1648. Письмо о массовом восстании укр. народа

ПИСЬМО ГАЛИЦКОГО СТОЛЬНИКА А. МЯСКОВСКОГО ИЗ ВАРШАВЫ С СООБЩЕНИЕМ О МАССОВОМ ВОССТАНИИ УКРАИНСКОГО НАРОДА ПРОТИВ ПОЛЬСКОЙ ШЛЯХТЫ И О ТЯЖЕЛОМ ПОЛОЖЕНИИ КОРОЛЕВСКИХ ВОЙСК, НАХОДЯЩИХСЯ НА УКРАИНЕ
1648 г. сентября 23
Копия письма п. Мясковского е. м. ксендзу епископу познанскому [1648, 23. IX]
Большую благосклонность, несоразмерную с моими заслугами, я встречаю со стороны в. м. в. м. п. благодетеля, ибо не только изволишь принимать мои признательные письма, которые я пишу в. м. в. м. пану деловым пером, но также не перестаешь посылать мне и ответы свои, что я считаю признаком большой благосклонности в. м. в. м. пана ко мне. Желал бы я себе того, чтобы я мог посылать в. м. м. пану самые лучшие и благополучные для дела нашей отчизны сведения. Однако, пока не будет более счастливых, излагаю в. м. м. пану нынешние [сведения].
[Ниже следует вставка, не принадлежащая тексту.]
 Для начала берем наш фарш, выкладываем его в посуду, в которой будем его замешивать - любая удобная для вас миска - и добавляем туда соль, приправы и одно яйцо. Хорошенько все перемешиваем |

К е. м. п. канцлеру пришли письма от е. м. п. хорунжего, а также от е. м. п. старосты сокальского, в которых имеются следующие подробности:
Во-первых, почти все войско сосредоточилось очень хорошо и в порядке, так что смело могло бы уже с оттоманским цесарем сразиться, ибо было его уже налицо 30 тысяч, а в нескольких милях были еще великопольские хоругви и п. воевода брестский, и п. Пшиемский, и народ королевича Кароля, и мазовецкие хоругви, и несколько тысяч других, не подошедших еще [воинов]. Но каждый день входило в лагерь по несколько хоругвей, так что к тому времени все уже были вместе.
Второе очень хорошее дело совершилось, что их милости князья, то есть воеводы сандомирский и русский, предав забвению и всеобщему прощению свои обиды, помирились между собой . 13 сентября войска [их] соединились и для проявления братства вышли [друг другу навстречу] до половины поля.
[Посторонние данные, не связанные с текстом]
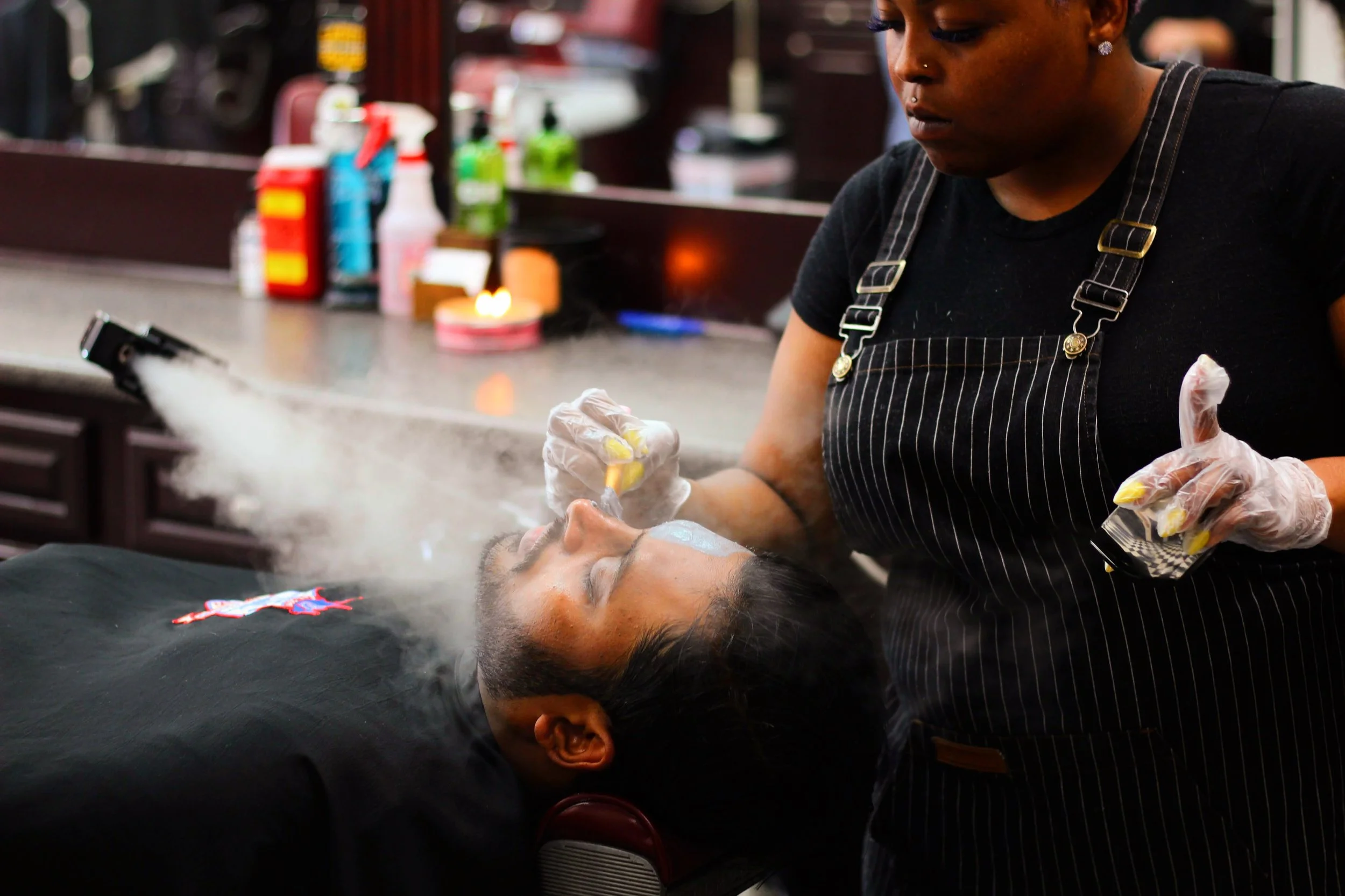 따뜻한 타월 찜질과 스트레이트 레이저로 완성하는 전통 면도. 부드럽고 매끈한 피부를 경험하세요.

Пп. региментари, все трое, встретившись с князем Вишневецким и другими его товарищами и обменявшись приветствиями, въехали в лагерь, где в течение двух часов до обеда состоялось частное совещание, на котором было решено идти против неприятеля и дать ему бой против его воли.
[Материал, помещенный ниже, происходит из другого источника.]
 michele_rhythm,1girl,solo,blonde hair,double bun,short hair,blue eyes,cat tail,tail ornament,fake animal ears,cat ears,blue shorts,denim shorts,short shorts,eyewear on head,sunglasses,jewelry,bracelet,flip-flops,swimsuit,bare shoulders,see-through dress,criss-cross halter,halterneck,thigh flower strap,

Третье хорошее дело совершилось, что п. коронный хорунжий (которого иные люди хвалят), большими ухищрениями и подарками переманил Забуского, запорожского казака, мужественного и благородного человека, которого все высоко ценят и о прилежании и храбрости которого много рассказывают. Он вынужден был волей-неволей держаться за Хмельницкого, но наконец под прикрытием ночи ушел к п. коронному хорунжему и дал их милости достоверные сведения о войске Хмельницкого, заявив, во-первых, что он имеет 100 тысяч войска, но половина его остается без оружия с одними палками, – это крестьяне от плуга; во-вторых, что среди них голод, ежедневно по несколько десятков бегут, а другие умирают; в-третьих, что он нарочно тянет с переговорами, чтобы дождаться татар, которые справляют на полях байрам, а есть их 40 тысяч. Они ему сказали, что пока не пройдет байрам, который у них является таким же праздником, как у евреев праздник «кучки», они ничего не могут делать и с места тронуться не могут; в-четвертых, Хмельницкий не имел из нашего войска ни одного языка и считает, что у нас не больше 10 тысяч человек. И когда увидит такое огромное войско, он наверно сядет на быстрого коня и опять [подастся] к черни, а оттуда, если ему туго будет, уедет в Запорожье.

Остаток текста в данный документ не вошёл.